#### Task description
Return, with both end lines included, exactly what the data below holds from the line with "Unused. Published by" through the line with "游戏采用了经典九宫格的对战布", though not the pictures.

[Data extracted from a collection]
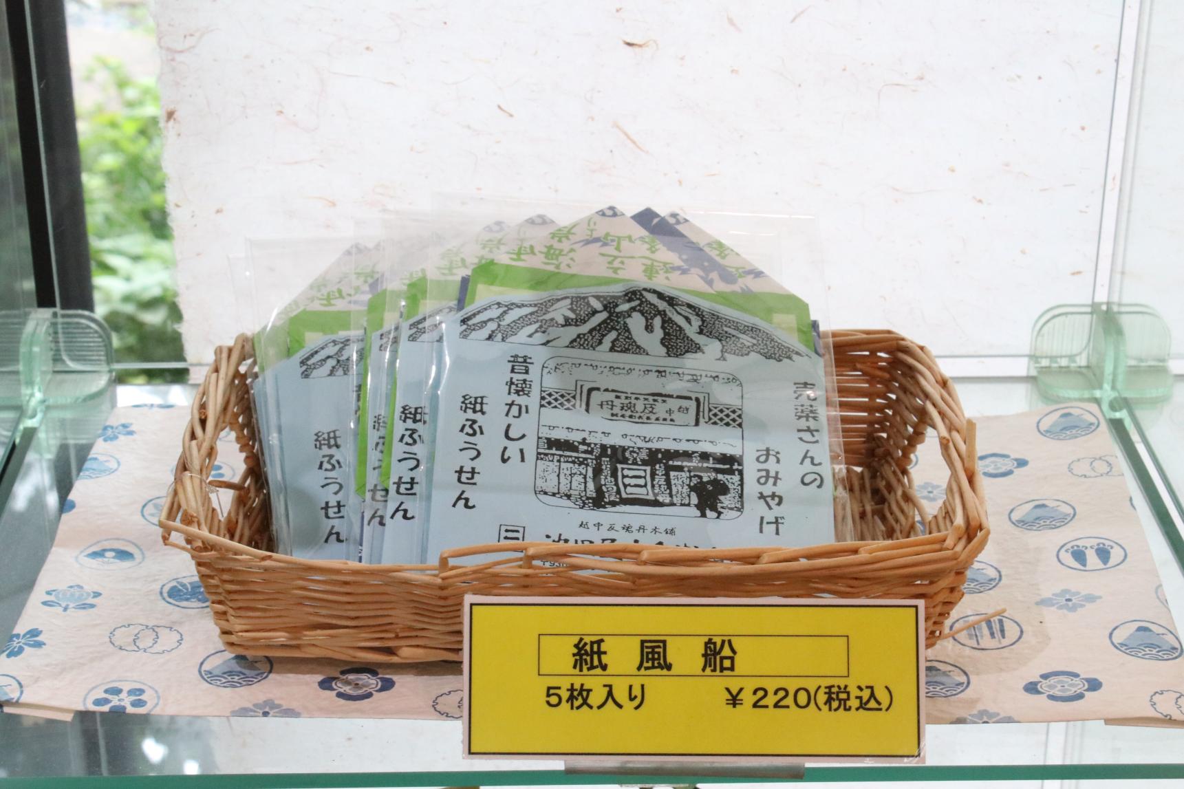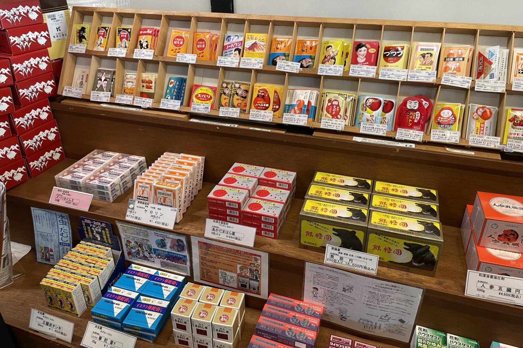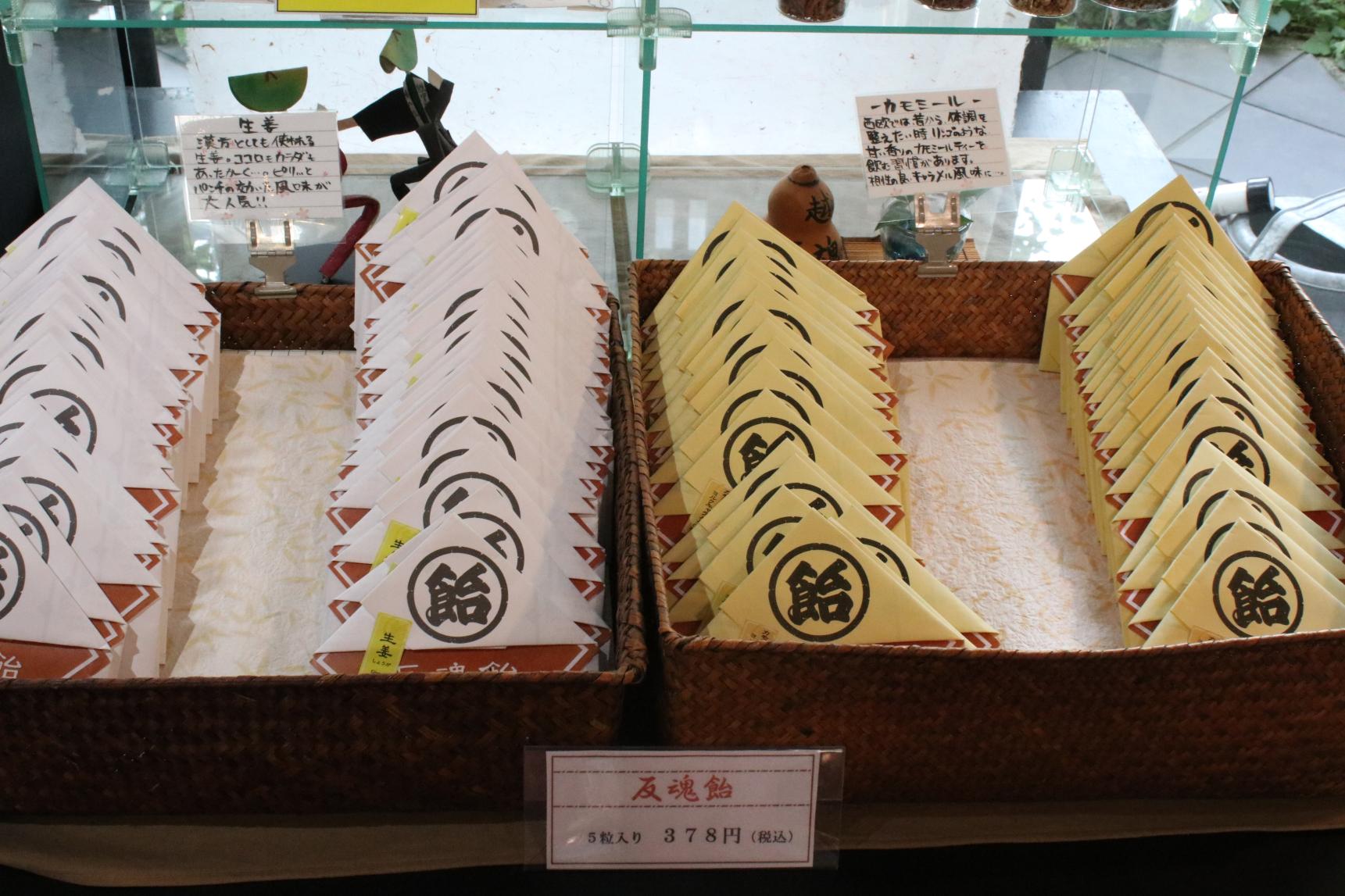 お土産には、薬はもちろんのこと「反魂飴」という昔ながらの飴もおすすめです。パッケージには、昔の薬の包み方が書かれています。富山の薬売りがおまけとして配っていたと言われている「紙風船」も人気、とのことです。
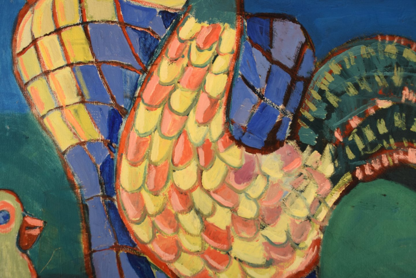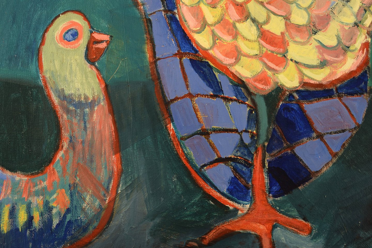 Dansk kunstner. Olie på lærred. "Hane og kylling". Midt 1900-tallet. Lærredet måler: 74 x 64,5 cm. Rammen måler: 1,5 cm. I flot stand. Signeret.
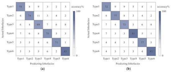 In academic research, the accuracy of an algorithm can be evaluated by using a confusion matrix diagram. This tool helps to visually measure and predict how well the algorithm matches discrete lithofacies intervals. The correct classification rate index is used to indicate the percentage of correctly estimated data points from the total number of evaluated data points. This index is useful for assessing the accuracy of distinguishing each lithofacies by each model.
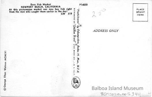 Unused. Published by Golden West in Long Beach and printed by Colourpicture in Boston. Photograph by George Elton Watson. Postcard number GW 319, print number P14850.Subject
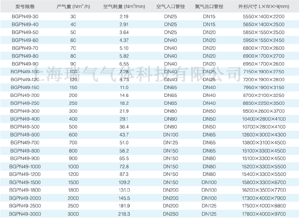 瑞氣BGPN系列分子篩制氮設備根據(jù)氮氣純度分為十種型號,即:BGPN97、BGPN98、BGPN99、BGPN295、BGPN39、BGPN395、BGPN49、BGPN495、BGPN59、BGPN595。
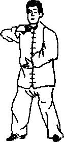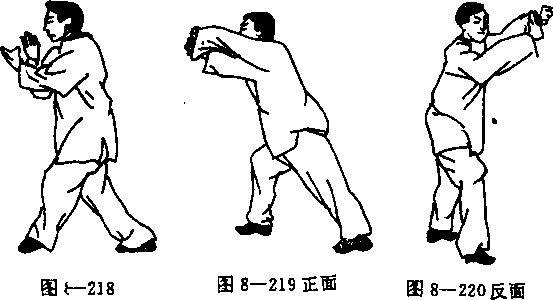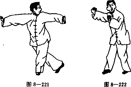 13 ,承上式,右脚经左脚后跟向前上步,同时,左掌变拳 由下向上经口前钻出;右掌由右后向胸前横捋并护于左肘(图 8—222),
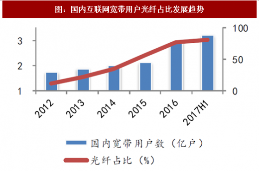 同时,光纤陶瓷插芯市场增长动力强劲,截止17年6月,我国网民总数突破7.5个亿,占世界总量五分之一左右,其中很大程度上得益于我国宽带事业的迅速发展。近年来中国互联网宽带用户数快速增长,光纤入户进程也同时加快,2016年国内宽带用户数达2.97亿户,其中光纤接入(ftth/0)用户占宽带用户的比重超过了76%,2017年上半年光纤占比更是突破了80%,未来随着国内互联网宽带的进一步普及以及光纤入户工程加速,将带动光纤陶瓷插芯需求的快速增长,陶瓷插芯用纳米复合氧化锆市场规模还将继续扩大。
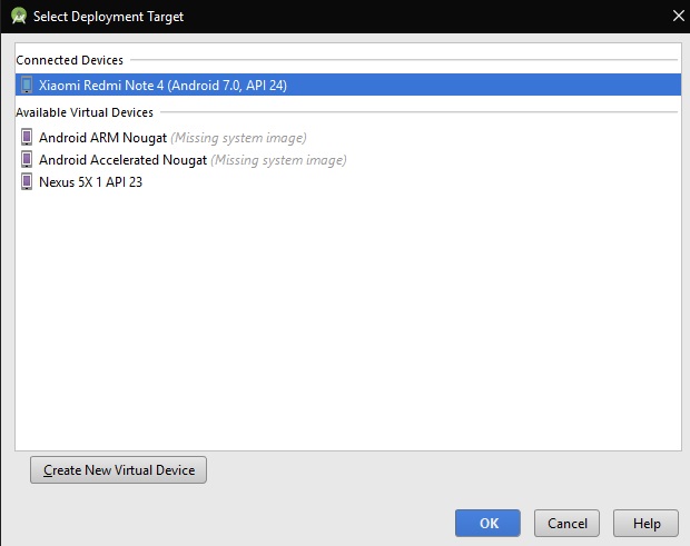 Next, go to Android Studio and deploy the application, Select Emulator or your Android mobile with USB debugging enabled. Give it a few seconds to make installations and set permissions.
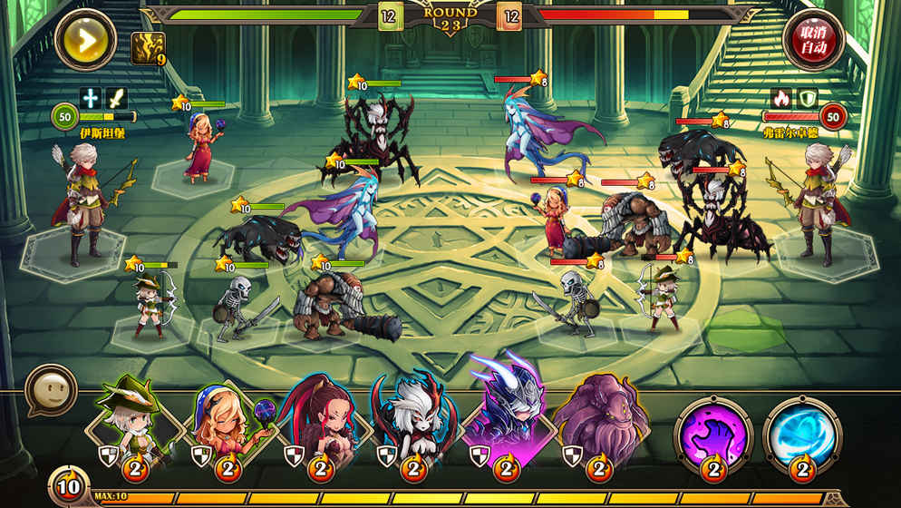 游戏采用了经典九宫格的对战布局,这样的布局使整个战场看起来更加简洁清晰,同时为玩家提供了直观的战略视野。战前玩家可选择一名自己喜欢的英雄和12种各具特色的佣兵进入战斗,游戏目标相当简单,只要击杀对方的英雄就能获得胜利,但需要精心策划每一步行动。游戏中每个操作都是即时生效的,所以在适当的时机上阵佣兵和释放英雄技能是制胜的关键,这要求玩家具备敏锐的战场洞察力。无论是英雄的选择还是技能的挑选亦或是佣兵的搭配都使整个对战具有相当高的策略性,玩家需要不断调整战术来应对不同对手。每个佣兵的站位放置也十分讲究且多变,玩家需要根据对手的佣兵站位时刻调整己方上阵的佣兵来为战局积攒优势,这增加了游戏的深度和可玩性。当然游戏中也会有一定的运气成分,一些概率性的佣兵技能都能给战局带来意想不到的惊喜,使弱者也有战胜强者的可能,这种设计让每场对战都充满变数。
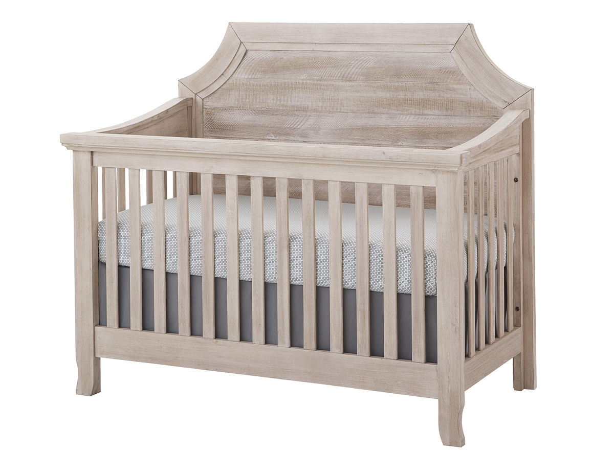 The Stella Baby Remi Clip Convertible Crib in Sugarcoat ( Pagoda style ) will grow with your child as it converts from crib to toddler bed and finally a full size bed ( conversion kits sold separetely ). Purchase one of the coordinating Remi Dressers or Chests to complete your nursery.
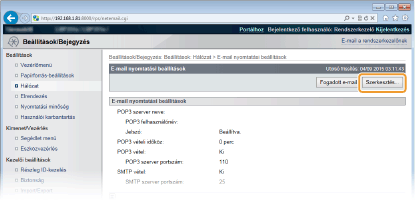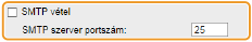 A jelölőnégyzet bejelölésével engedélyezi az SMTP protokoll használatával továbbított e-mailek kinyomtatását. Ezt a beállítást a kezelőpanel beállítás menüjének <SMTP adatfogadás> menüpontjában is megadhatja (
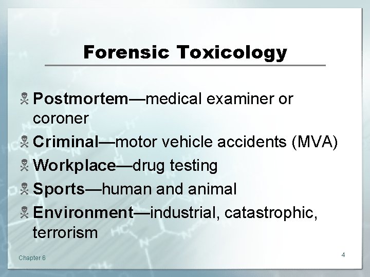Forensic Toxicology N Postmortem—medical examiner or coroner N Criminal—motor vehicle accidents (MVA) N Workplace—drug testing N Sports—human and animal N Environment—industrial, catastrophic, terrorism Chapter 6 4
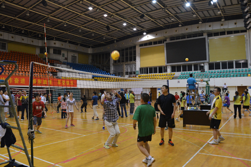 气排球是一项全民健身的新型排球运动,具有集体性强、安全性好、趣味性高等特点。全校各工会小组组成了男子组、女子组共50支代表队参加此次比赛。第一天比赛就高潮迭起,扣人心弦。赛场上,平时温儒尔雅的教师个个龙腾虎跃、敢打敢拼、积极跑位、大力扣杀,俨然都成了运动健将;赛场外,同组助威者也被比赛的气氛所感染,助威声、加油声响彻球场。预计未来几天的比赛会更加激烈精彩。
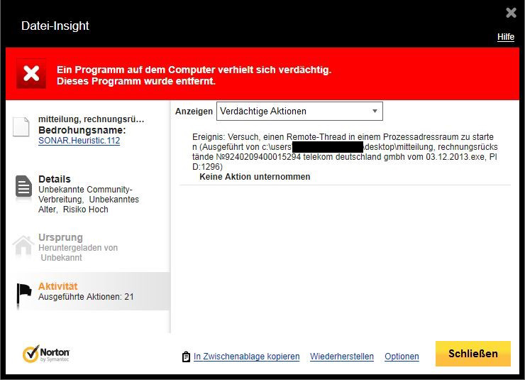 Ereignis: Versuch, einen Remote-Thread in einem Prozessadressraum zu starten (Ausgeführt von c:\users\username username\desktop\mitteilung, rechnungsrückstände №9240209400015294 telekom deutschland gmbh vom 03.12.2013.exe, PID:1296)Keine Aktion unternommen
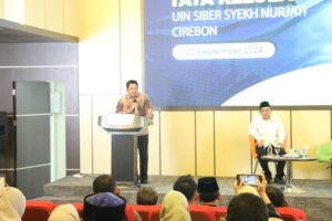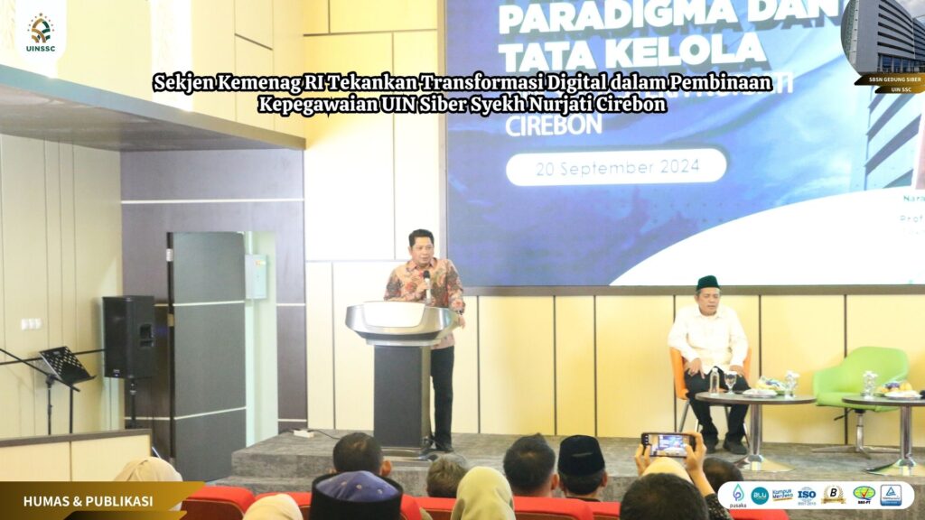 UIN Siber Cirebon – Universitas Islam Negeri (UIN) Siber Syekh Nurjati Cirebon menggelar kegiatan Pembinaan Kepegawaian dengan tema “Perubahan Paradigma dan Tata Kerja dalam Pengelolaan UIN Siber Syekh Nurjati Cirebon” pada Jumat, 20 September 2024. Acara ini menghadirkan narasumber utama, Prof. Dr. Muhammad Ali Ramdhani, S.TP, M.T., yang saat ini menjabat sebagai Sekretaris Jenderal Kementerian Agama RI. Kegiatan ini berlangsung di Auditorium Lantai 8 Gedung SBSN Siber dan dihadiri oleh Rektor, para Wakil Rektor, Kepala Biro AUAK, para Dekan, Ketua dan Sekretaris Jurusan, para Kepala Lembaga, serta pejabat struktural lainnya.
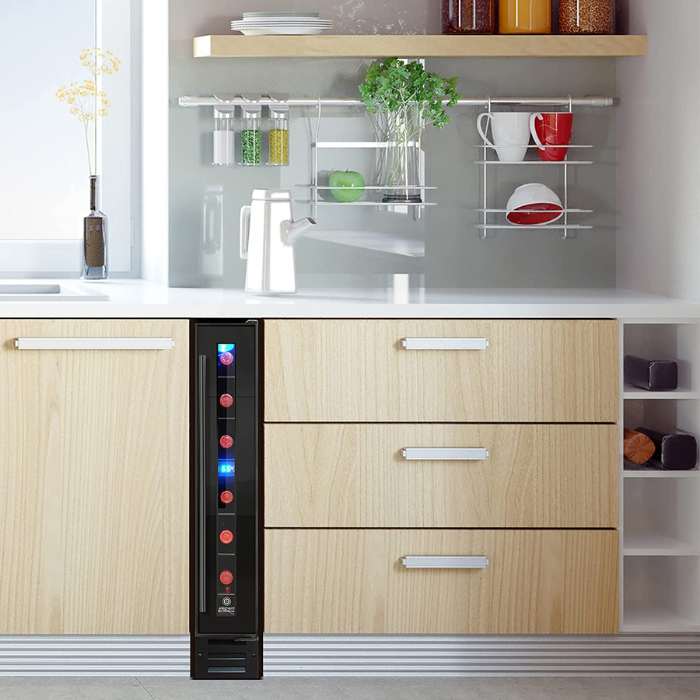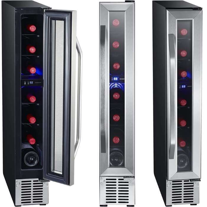 After researching, we have selected 5 high-quality compact wine refrigerators: they all have a width of 6 inches and can hold up to 7 wine bottles.
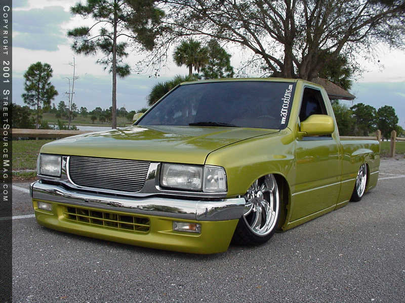 Bruce contacted the crew at Intro for their opinion on a set of rollers that would only compliment all of the other hard work involved. When it was all said and done, Bruce chose Intro Twisted Vista 6 in the 19x8" fashion and wrapped them in Nitto NT 555 225-35-19 rubber. Under the hood, Bruce has relatively left things pretty close to stock, but has removed the emissions system and added a few painted items. Bruce also had a better breathing Dynomax muffler installed, giving his truck a throaty sound. It's hard to believe what Bruce's truck used to look like and what it looks like today. Not an inch of his creation has gone untouched. The show circuit can only thank the Lord that Bruce is here today to have brought back such a smooth creation to share with the world. Bruce would like to thank the whole crew at AON Customs, including Craig, Jason, Trent and his friend Vinnie for all of their hard work returning his Isuzu to the show scene in such a short time frame.
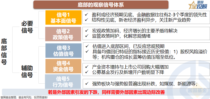 底部都有哪些观测信号?底部信号分为必要信号和辅助信号两种。分类看:其一,辅助信号,当下大多已满足。如,估值信号、资金信号、行为信号;其二,必要信号,依然需要时间来验证结果。如,基本面信号、政策信号。当下, “估值底、盈利底、政策底”的框架依然适用。
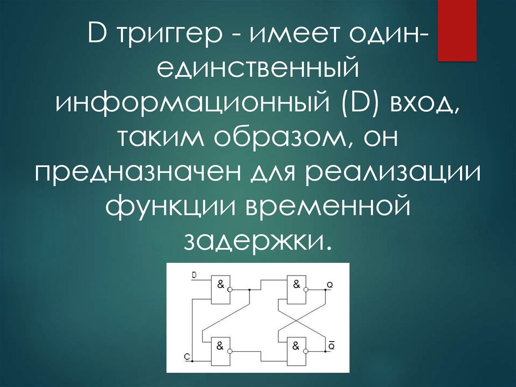 D триггер - имеет одинединственныйинформационный (D) вход,

#### Exercise response
 Unused. Published by Golden West in Long Beach and printed by Colourpicture in Boston. Photograph by George Elton Watson. Postcard number GW 319, print number P14850.Subject
 瑞氣BGPN系列分子篩制氮設備根據(jù)氮氣純度分為十種型號,即:BGPN97、BGPN98、BGPN99、BGPN295、BGPN39、BGPN395、BGPN49、BGPN495、BGPN59、BGPN595。
 13 ,承上式,右脚经左脚后跟向前上步,同时,左掌变拳 由下向上经口前钻出;右掌由右后向胸前横捋并护于左肘(图 8—222),
 同时,光纤陶瓷插芯市场增长动力强劲,截止17年6月,我国网民总数突破7.5个亿,占世界总量五分之一左右,其中很大程度上得益于我国宽带事业的迅速发展。近年来中国互联网宽带用户数快速增长,光纤入户进程也同时加快,2016年国内宽带用户数达2.97亿户,其中光纤接入(ftth/0)用户占宽带用户的比重超过了76%,2017年上半年光纤占比更是突破了80%,未来随着国内互联网宽带的进一步普及以及光纤入户工程加速,将带动光纤陶瓷插芯需求的快速增长,陶瓷插芯用纳米复合氧化锆市场规模还将继续扩大。
 Next, go to Android Studio and deploy the application, Select Emulator or your Android mobile with USB debugging enabled. Give it a few seconds to make installations and set permissions.
 游戏采用了经典九宫格的对战布局,这样的布局使整个战场看起来更加简洁清晰,同时为玩家提供了直观的战略视野。战前玩家可选择一名自己喜欢的英雄和12种各具特色的佣兵进入战斗,游戏目标相当简单,只要击杀对方的英雄就能获得胜利,但需要精心策划每一步行动。游戏中每个操作都是即时生效的,所以在适当的时机上阵佣兵和释放英雄技能是制胜的关键,这要求玩家具备敏锐的战场洞察力。无论是英雄的选择还是技能的挑选亦或是佣兵的搭配都使整个对战具有相当高的策略性,玩家需要不断调整战术来应对不同对手。每个佣兵的站位放置也十分讲究且多变,玩家需要根据对手的佣兵站位时刻调整己方上阵的佣兵来为战局积攒优势,这增加了游戏的深度和可玩性。当然游戏中也会有一定的运气成分,一些概率性的佣兵技能都能给战局带来意想不到的惊喜,使弱者也有战胜强者的可能,这种设计让每场对战都充满变数。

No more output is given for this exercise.